California Highway 1 Collapses Leaving 2,000 Tourists Stranded

Nearly 2,000 motorists, who are mostly tourists, are stranded after a portion of scenic Highway 1 collapsed in the Big Sur region of California over the weekend.

California Department of Transporation officials reported on Saturday afternoon that chunks of asphalt from the southbound lane of Highway 1, located near the Rocky Creek Bridge, fell into the ocean after heavy rain hit the area.

The bridge’s collapse caused the California Highway Patrol to immediately close the highway, resulting in nearly 2,000 tourists being stranded in the area.

The California Highway Patrol stated, “This will likely be an extended road closure. We are working on a plan to get motorists evacuated from the area.”


Per The New York Times:

A portion of scenic Highway 1 in the Big Sur area of California collapsed Saturday stranding about 2,000 motorists, mostly tourists, overnight.

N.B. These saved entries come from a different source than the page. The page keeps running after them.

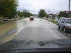 Bei Abrud verwandelt sich die durch den starken Dauerregen schon glatte Fahrbahn in eine Eisbahn. Das Gemisch aus Wasser, Abrieb, Öl und dem eigenartigen Straßenbelag lässt unsere Hinterräder auf gerader Strecke durchdrehen. Langsam und wie auf rohen Eiern zu fahren ist eine gute Idee, denn wenig später müssen die ersten Schnelleren aus dem Graben geborgen werden. |
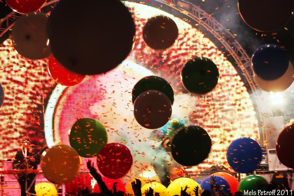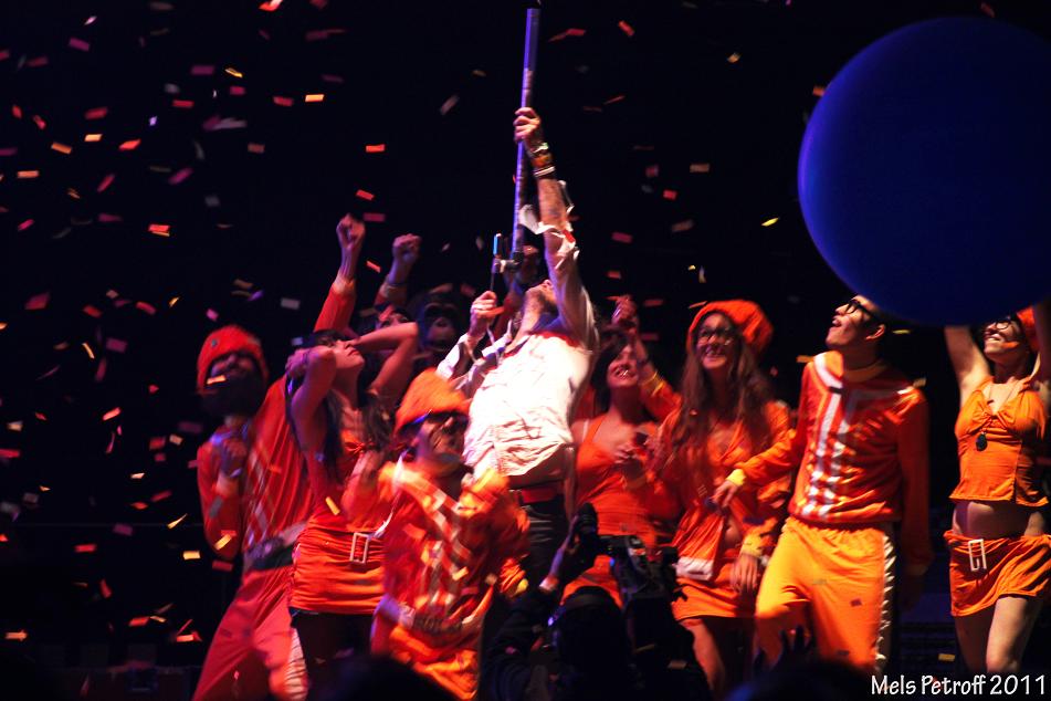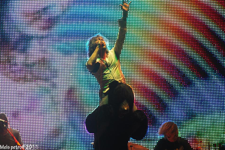 En el escenario podíamos apreciar a la banda y a unos personajes vestidos de naranja en los costados que se bailaban y saltaban todo.Wayne cantando en los hombros de un tipo disfrazado de mono, animales y hombrecitos inflables gigantes, gongs luminosos, muchachas desnudas de colores en la pantalla y también algunos animales, las manos gigantes de Wayne en “Laser Hands”, más serpentinas disparadas por él, infinitas cantidades de papeles de colores, pelotas de colores entre el publico que definitivamente pintaron una noche que ninguno de los que estábamos ahí presentes iba a olvidar.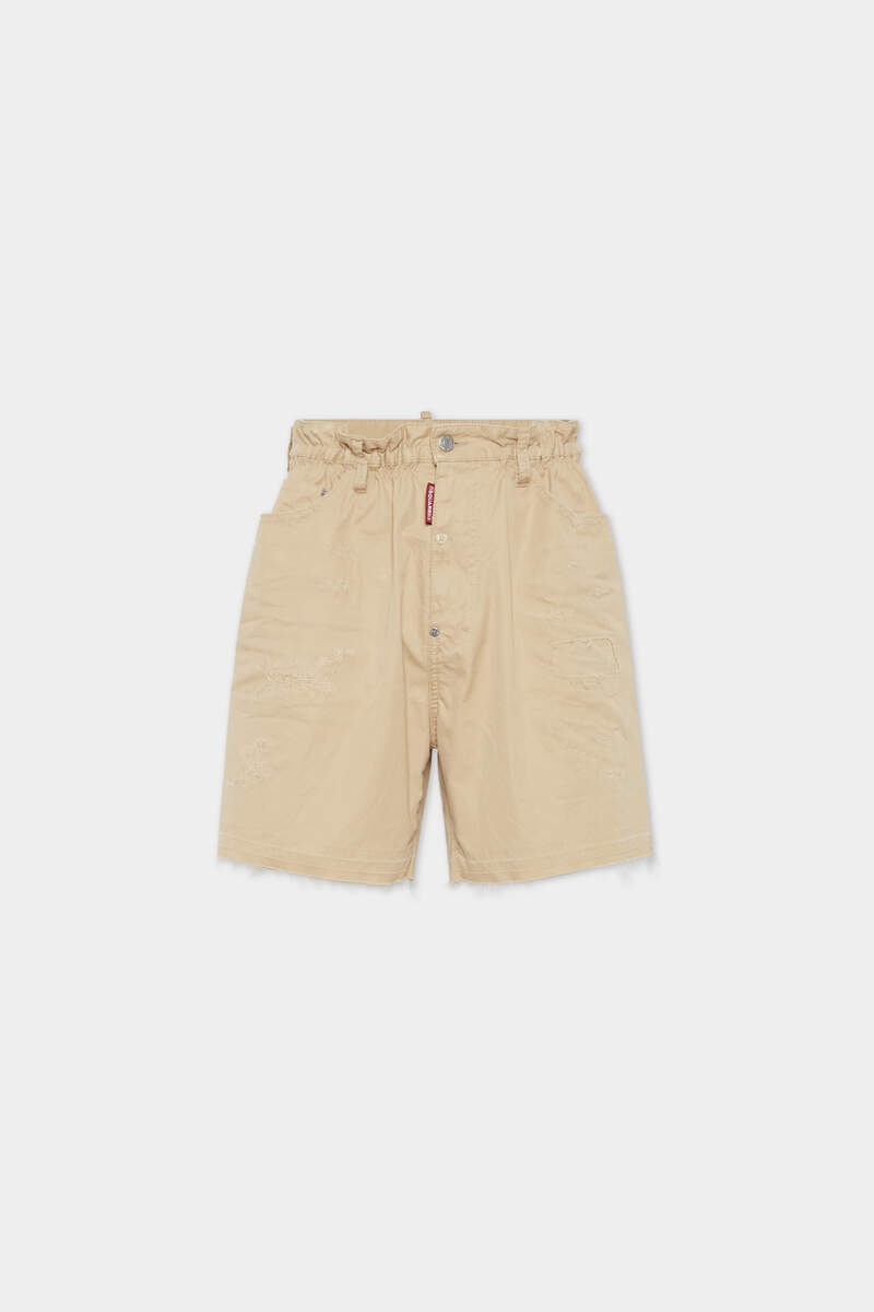 - MADE FROM COTTON TWILL - ELASTICATED WAIST - FIVE-POCKET STYLE - DISTRESSED FINISH - RED DSQUARED2 LABEL PRIMARY FABRIC: 100% COTTON; POCKET LINING: 100% COTTON A loose fit that looks as good as it feels: these cotton twill chino shorts are a summer essential. Their elasticated paperbag waist is totally on-trend too. Treated with rips and fraying for a lived-in look.
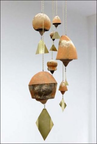 — Aurélien Froment, Paolo Soleri, Incomplete Soleri Windbell, 2011. 7 terra cotta and brass windbells; Variable dimensions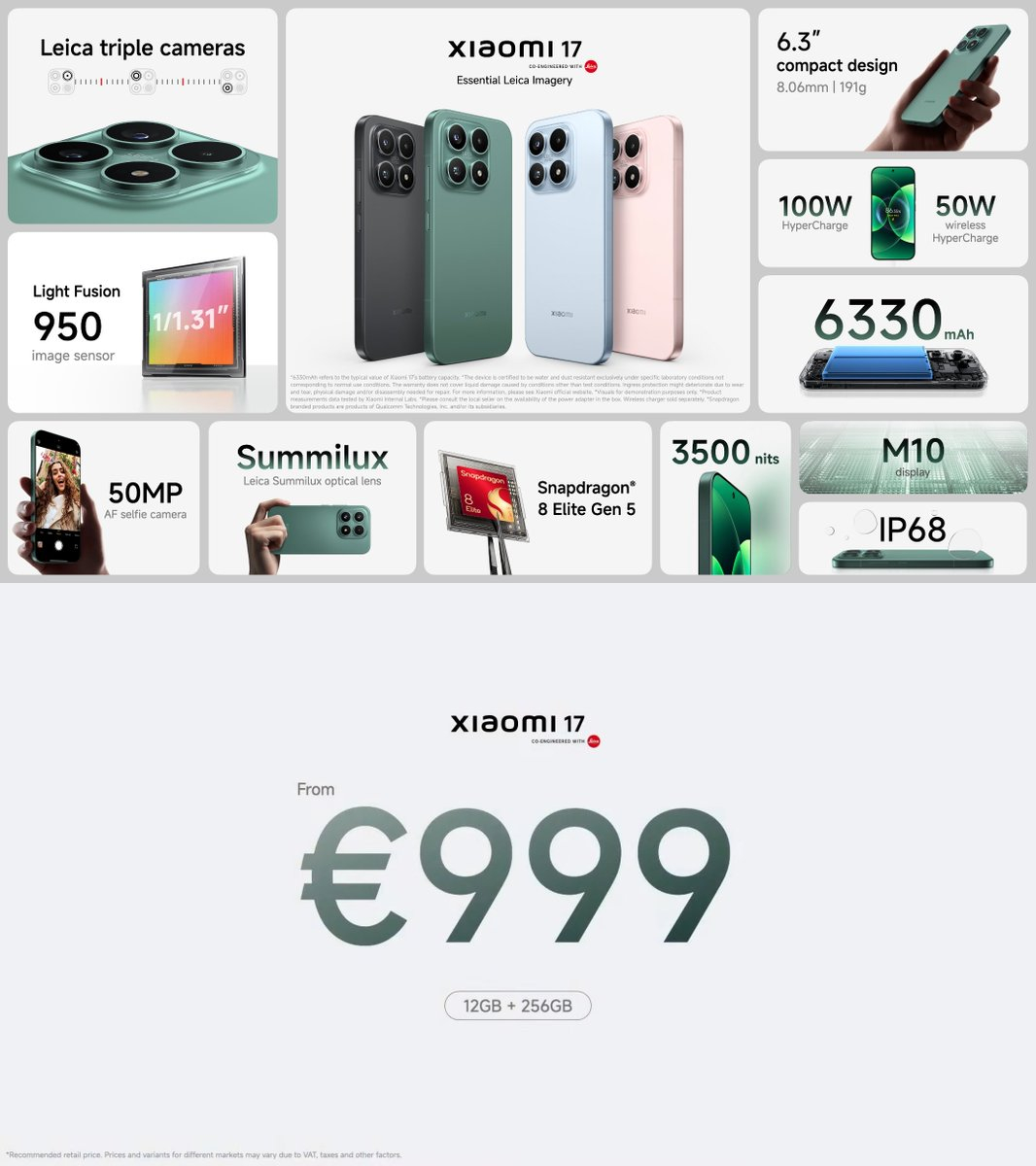 小米发布会 海外版本售价出炉小米17:999欧≈8100元小米17 Ultra:1499欧≈12140元小米17 Ultra徕卡版:1999欧≈16170元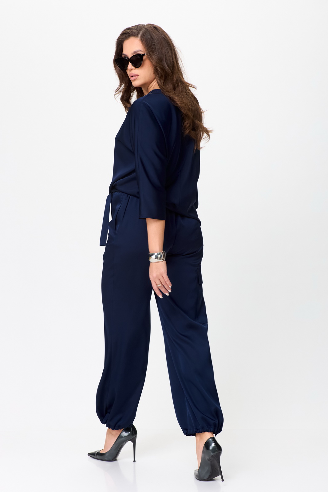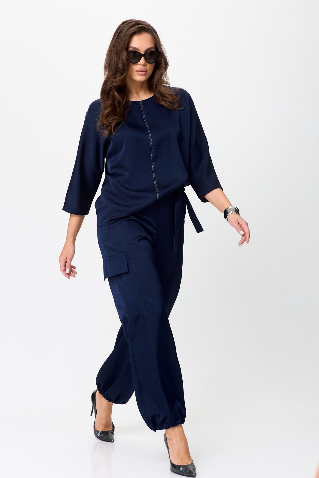 Описание: Комплект: блузон, брюки “карго”. Комплект выполнен из сатина с матовым блеском. Блузон прямого силуэта. Горловина овальная. По центру переда вставлена тонкой полоской отделка. Спинка со средним швом.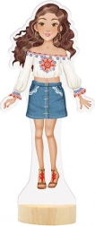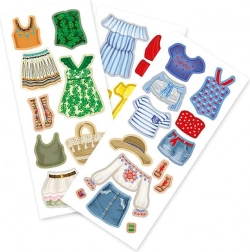 - Mágneses baba, 30 mágneses elem (ruhák, cipők, kiegészítők), fa talp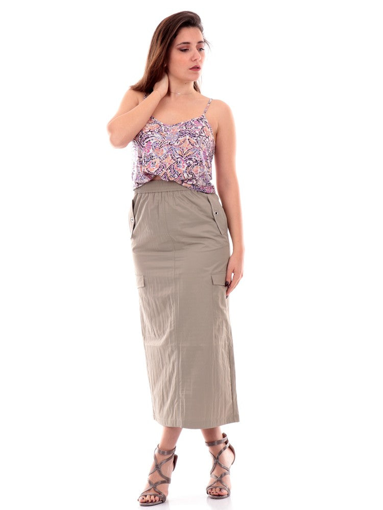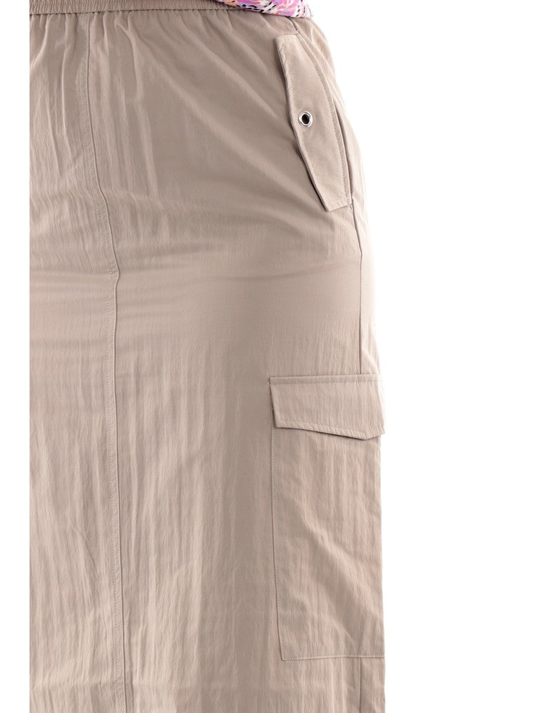 Gonna cargo Only beige da donna 15318638 realizzata in tessuto leggero. Questa gonna Only è caratterizzata da uno spacco posteriore e da tasche aperte sia laterali che frontali.

Officials with the California Department of Transportation said on Sunday that a section of the southbound highway located in the Central Coast, would remain closed to the public while crews worked on the affected areas. Large chunks of the road fell into the ocean. The highway, also known as the Pacific Coast Highway, features stretches of rocky cliffs, lush mountains, panoramic beaches and coastal redwood forests.

There were no reported injuries. Caltrans, the agency, did not give an estimate of when it expected to fully reopen the highway.

Officials did not say what led to the collapse, but torrential rain battered the area near Rocky Creek Bridge, which is about 17 miles south of Monterey.

Several convoys have already been deployed to start moving some of the stranded tourists and essential workers, but many remain stranded until further notice.